Hey guys, you mind if I ask for a little bit of help here? I'm trying to log the output from a non-interactive geth session, and can't seem to find a simple way to log.

I need a full trace to fully diagnose the constant geth daemon crashes im experiencing in 1.4.8 across my pools. Issue #2747

Right now I'm piping out to bash, but there has to be a simple flag to log to file?
9600-
@9600-
Will just use bash and screenlog for the time being.
Maschine
@JokerMashine_twitter
i guess somewhere exist the trading channel
9600-
@9600-
#2747 has been updated with full stack trace failures from multiple pool nodes.
Geographically and vendor disparate systems seeing the same fatal error: concurrent map read and map write error.
clintar
@clintar
ew, that sounds bad. don't want to run that on my pool
9600-
@9600-
I thought it was related to soft fork voting, is not.
Same failure on about 5 nodes.
Geographically disparate systems, different hardware.
Same host OS and deployment template.
Seeing crashes as frequent as every hour.
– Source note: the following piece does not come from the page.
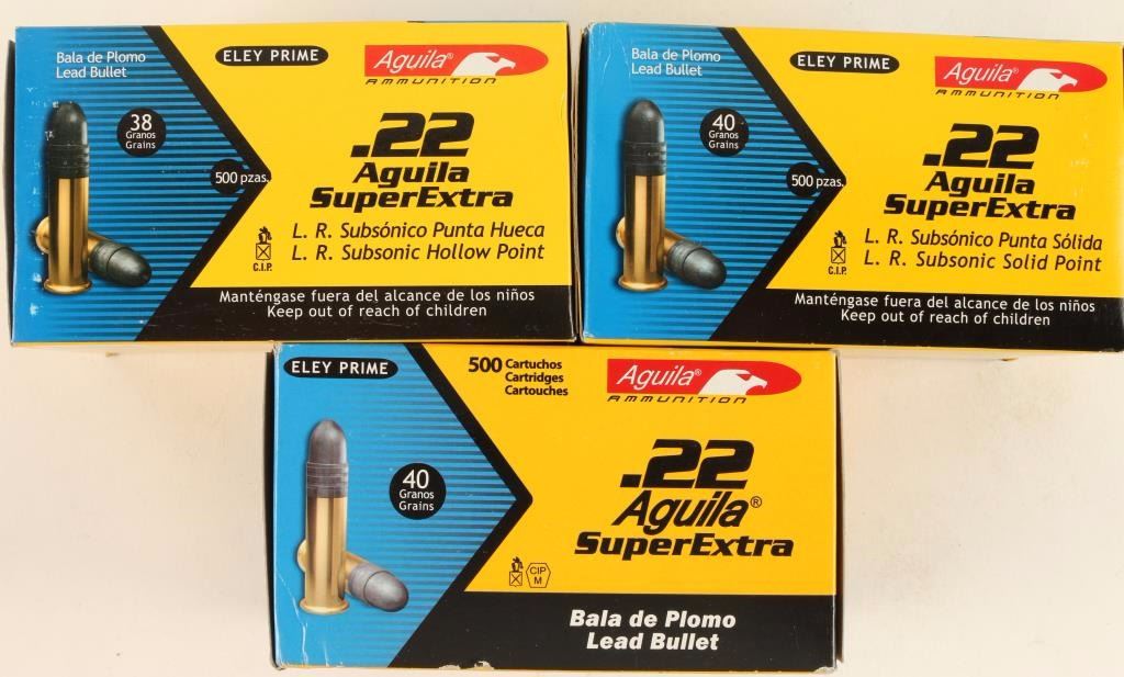Consisting of three 500 round cases of Aguila SuperExtra 40 grain Eley primed solid point ammunition.

Thinking about shutting down for a few days, but that'll kill me.
clintar
@clintar
why not go back to old ver?
9600-
@9600-
I will. It wasnt crashing as frequently, and i've got a process watcher thats restarting the daemon.
But this is getting bad.
Bob Summerwill
@bobsummerwill
@JokerMashine_twitter There isn't a Gitter channel for trading, but there is this sub-Reddit: https://reddit.com/r/ethtrader. Best wishes!
Tim Coulter
@tcoulter
Does this error message represent an issue with my version of go-ethereum or simply bad data sent from a peer:
E0628 23:59:49.976830 core/blockchain.go:1128] Bad block #1789821 (0x32f861ad6119f74212ea75b9f3979d306792195d114c02a1857beb257c51a03d)
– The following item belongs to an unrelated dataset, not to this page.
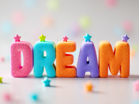 Colorful letters spell the word dream in vibrant shades for a cheerful decor setting

E0628 23:59:49.976864 core/blockchain.go:1129]     Transaction w/ invalid nonce. tx=357  state=358)
Another similar one:
E0628 23:49:42.059413 core/blockchain.go:1128] Bad block #1788997 (0x4b30a68d9fadc5e11cdb7ef38ab5871b211bce7ec66d81aa15b972955c78c0d4)
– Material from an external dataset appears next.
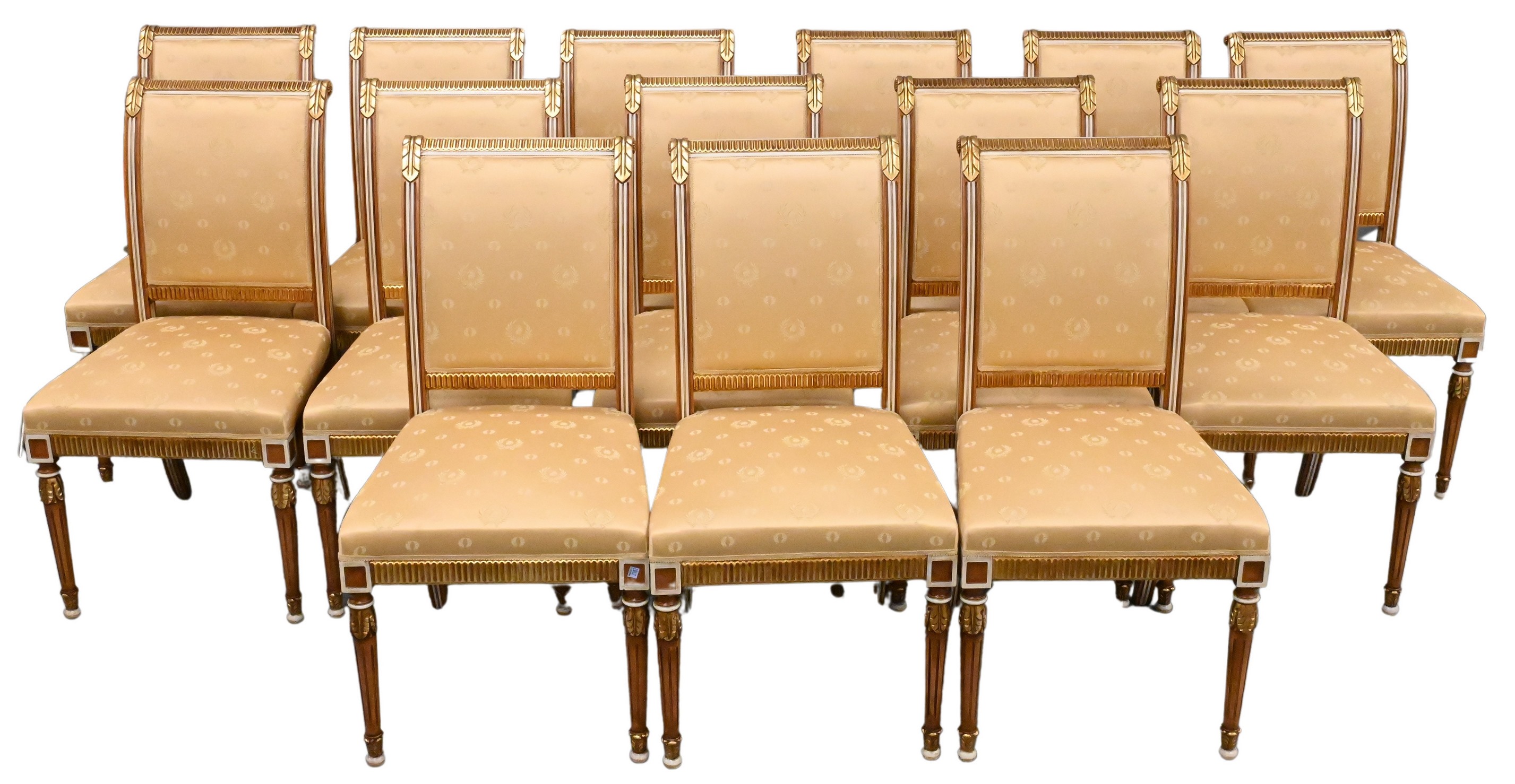 Set of 14 Louis XVI Style White and Giltwood Chairs

E0628 23:49:42.059439 core/blockchain.go:1129]     invalid receipt root hash. received=8d02eb49065de266dec43a0c279c6902db8c13c896d8a12c05bd0128229e3adf calculated=d28d156461295ada771c34b7c651e0bf4cc124a8436bb0b8f4564f658b746927
infamousrev
@infamousrev
Hello, thinking about it I think the best fix for the soft-fork ddos problem is: instead of filtering based on code analysis we should simply blacklist the wallet addresses of the known malicious actors in the darkdao's and whitehatDao, this will allow the whitehats to do a exploit-drain-split without the attackers being able to join the split
infamousrev
@infamousrev

Hello, thinking about it I think the best fix for the soft-fork ddos problem is: instead of filtering based on code analysis we should simply blacklist/censor the wallet addresses of the known malicious actors in the darkdao's and whitehatDao, this will allow the whitehats to do a exploit-drain-split without the attackers being able to join the split

This method will not create the ddos problem, is still a softfork and still allow us to secure the dao funds.